I've been making the normal recipe for years by using half whole wheat and half white flour. It is good. I have never had anyone say it tastes bad or much different, and I love the more brown color in the crust. I've made it with both lard and shortening (I prefer lard because it is less processed than shortening).
I've been trying to find ways to eliminate vegetable shortening from our diet. I just don't think we should eat fats that are so firm at room temperature. Just imagine what that can do in our blood stream.
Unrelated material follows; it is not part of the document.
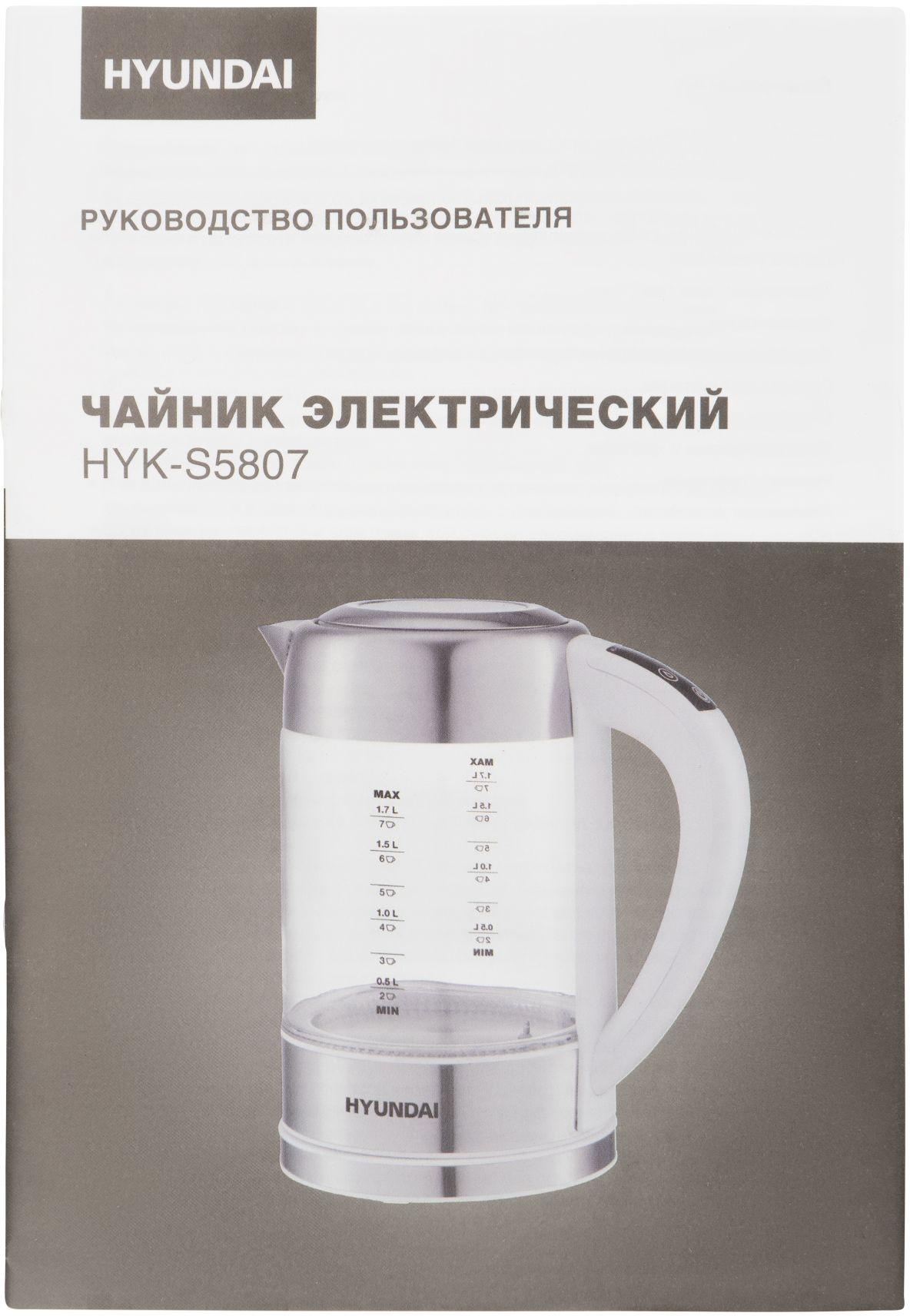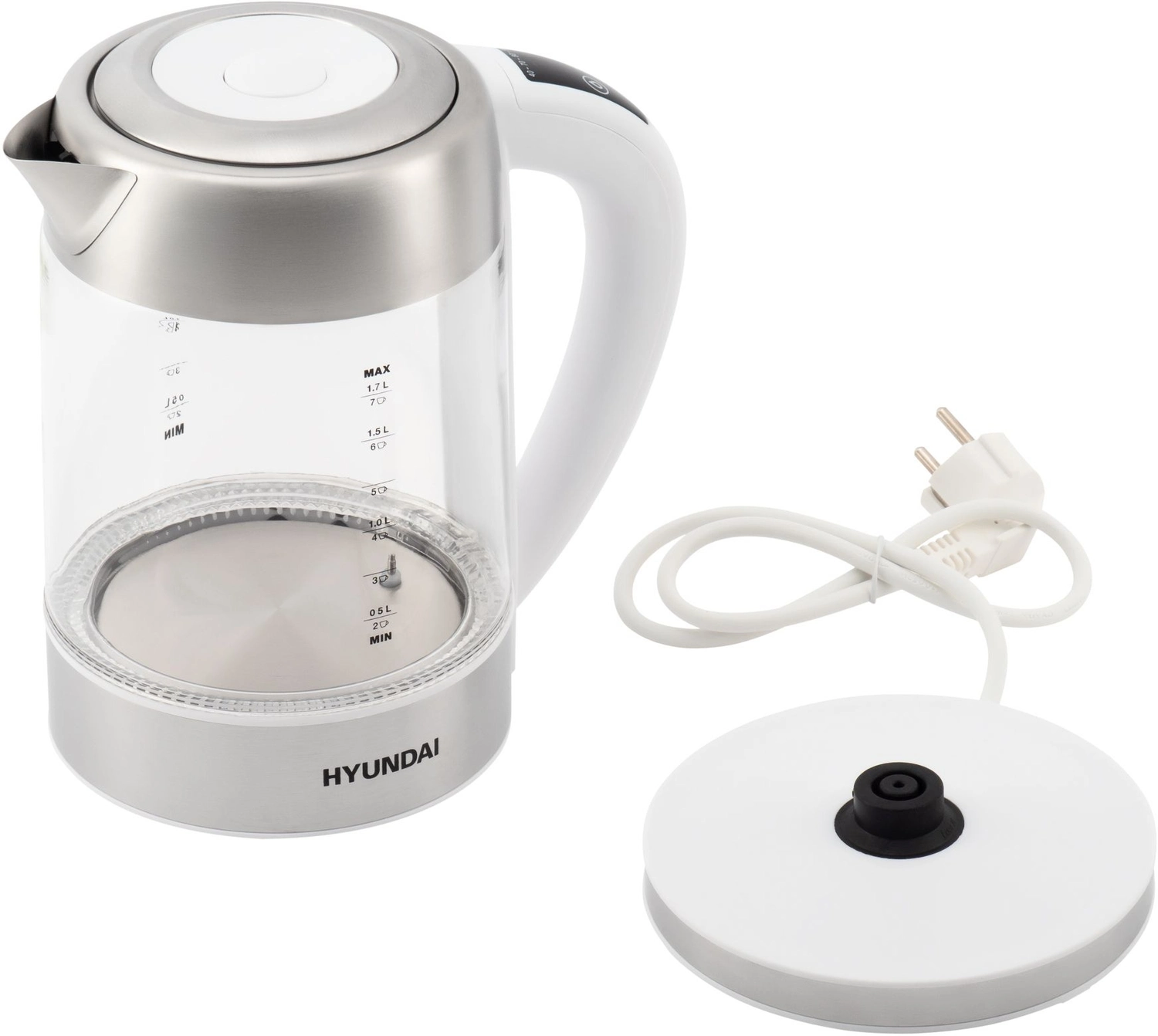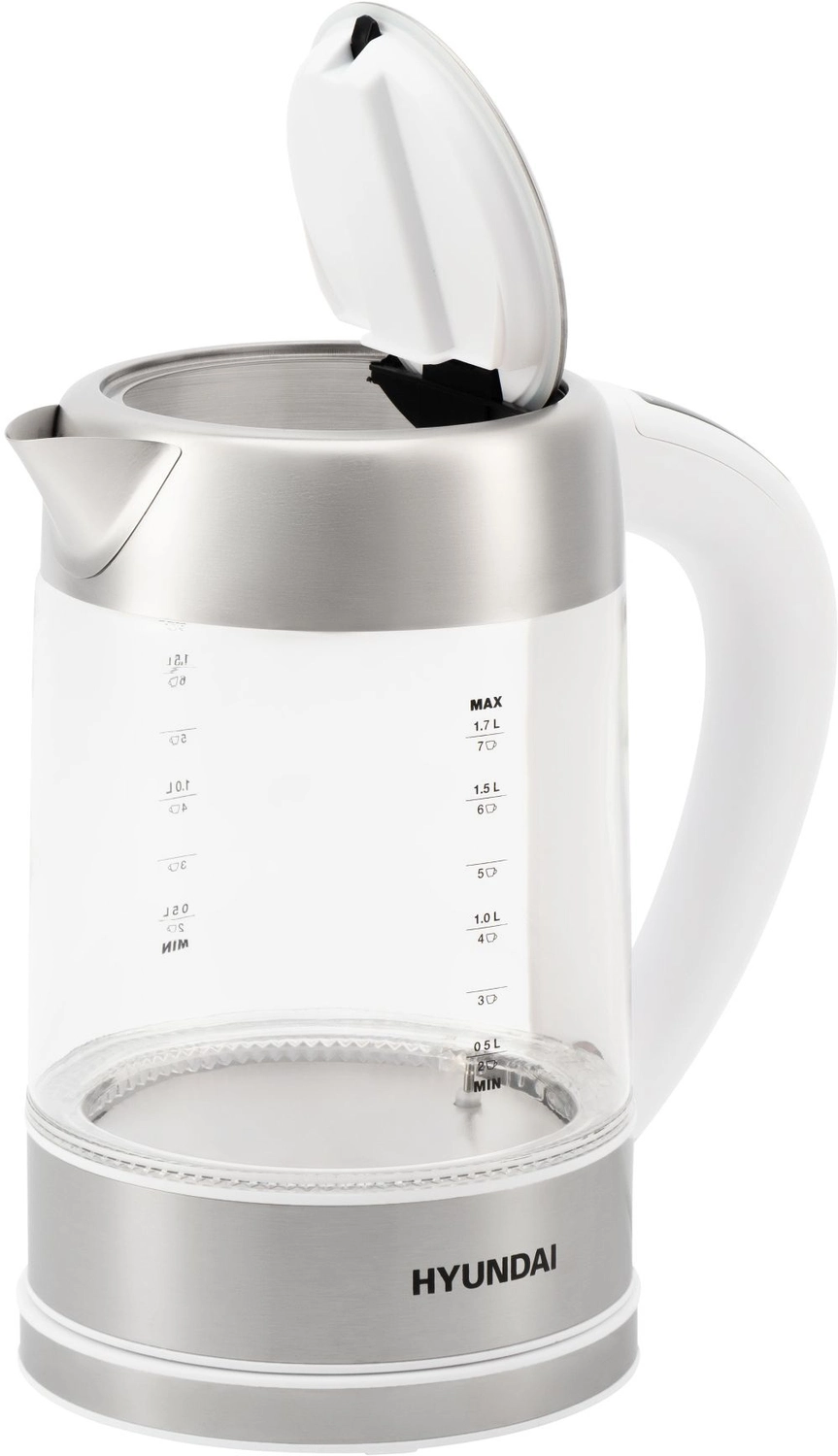 Чайник электрический Hyundai HYK-S5807 1.7л. 2200Вт белый/ серебристый корпус: стекло/ металл

For the past year or two I've been adding flax seed to our diet. I decided to experiment with adding it to pie crust and I found that the natural oil in the seeds that is released when you blend/mill the flax made it possible to decrease the amount of added fat in the crust.

MILL YOUR OWN FLAX
This is how I "mill" my flax seed. It's tricky because you want to pour the seeds in when the blender is running high or med-high. I put the funnel in the top of the blender to keep them from flying back out. I quickly dump my cup of seeds in and then turn the cup over inside the funnel. Blend for just a few to maybe 15 seconds max. Sometimes I have a few rogue un-milled seeds but I don't mind. If you blend too long it gets hot and turns into a pasty cake under the blender blades. You can still use it, it's just harder to get it out of the blender.
You can buy pre-milled flax but I hear it's less healthy. Sometimes it gets overheated and loses some of the vitamins, and I think it would be more likely to go rancid in storage.
I have used both golden and regular brown flax seeds and both work fine. I'd say about 1/2 cup flax seeds will make 2/3 cup of milled flax.
I call this crust a Hybrid because the appearance, and texture is similar to a crumb crust but it's still salty, made from a dough, and baked like a traditional pastry crust.